I've taken a few coding subjects in uni and am trying to analyse tennis statistics by learning selenium which is completely new to me.

The page I'm using is here (https://www.atptour.com/en/scores/results-archive?year=2021) and I'm followinig a guide from this website here (https://www.scrapingbee.com/blog/selenium-python/ , https://www.scrapingbee.com/blog/practical-xpath-for-web-scraping/).
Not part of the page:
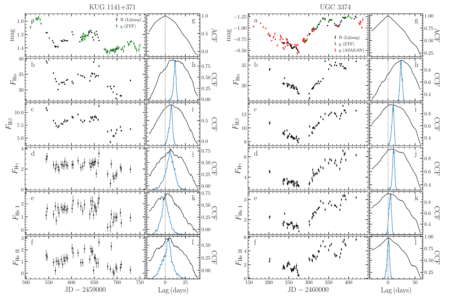 Figure 1: Light curves and CCF results for KUG 1141+371 (left) and UGC 3374 (right). Subplots (a)-(f) show the light curves for photometry, Hα, Hβ, Hγ, He I, and He II emission lines. Subplot (g) presents the ACF results of the photometric light curve. Panels (h)-(l) display the CCF results (black line) and the CCCD (blue line) between the emission lines and photometric light curve. (Image by FENG)

The particular problem I'm having is in the second guide website under the subtitle "E-commerce product data extraction".

My Goal is to loop through the tournaments and extract the links located with the 'Results' button, but I'm having trouble as my program is just giving me an emptylist.

from selenium import webdriver
from selenium.webdriver.chrome.options import Options


DRIVER_PATH = "C:\Program Files (x86)\chromedriver.exe"
#driver = webdriver.Chrome(executable_path=DRIVER_PATH)
options = Options()
options.headless = True
options.add_argument("--window-size=1920,1200")
driver = webdriver.Chrome(options=options, executable_path=DRIVER_PATH)
#driver.get("https://www.nintendo.com/")
#print(driver.page_source)
#driver.quit()
# 1 Data Collection
# 1.1 Find Links to All Tournaments
tournaments_2021_url = "https://www.atptour.com/en/scores/results-archive?year=2021"
#tournament_class = "tourney-result"
driver.get(tournaments_2021_url) # print(driver.page_source)
tournaments_2021_url_list = driver.find_elements_by_xpath("//a[@class='button-border']")
print("\n tournament urls \n")
print(tournaments_2021_url_list)
print(len(tournaments_2021_url_list))
driver.quit()
# 1.2 For Each Tournament, Find Links to Each Match
# 1.3 For Each Match, Extract Relevant Statistics

I would expect to have a list of elements or some weird objects and be able to extract the links, but instead I get an empty list with len 0. Thanks for any help.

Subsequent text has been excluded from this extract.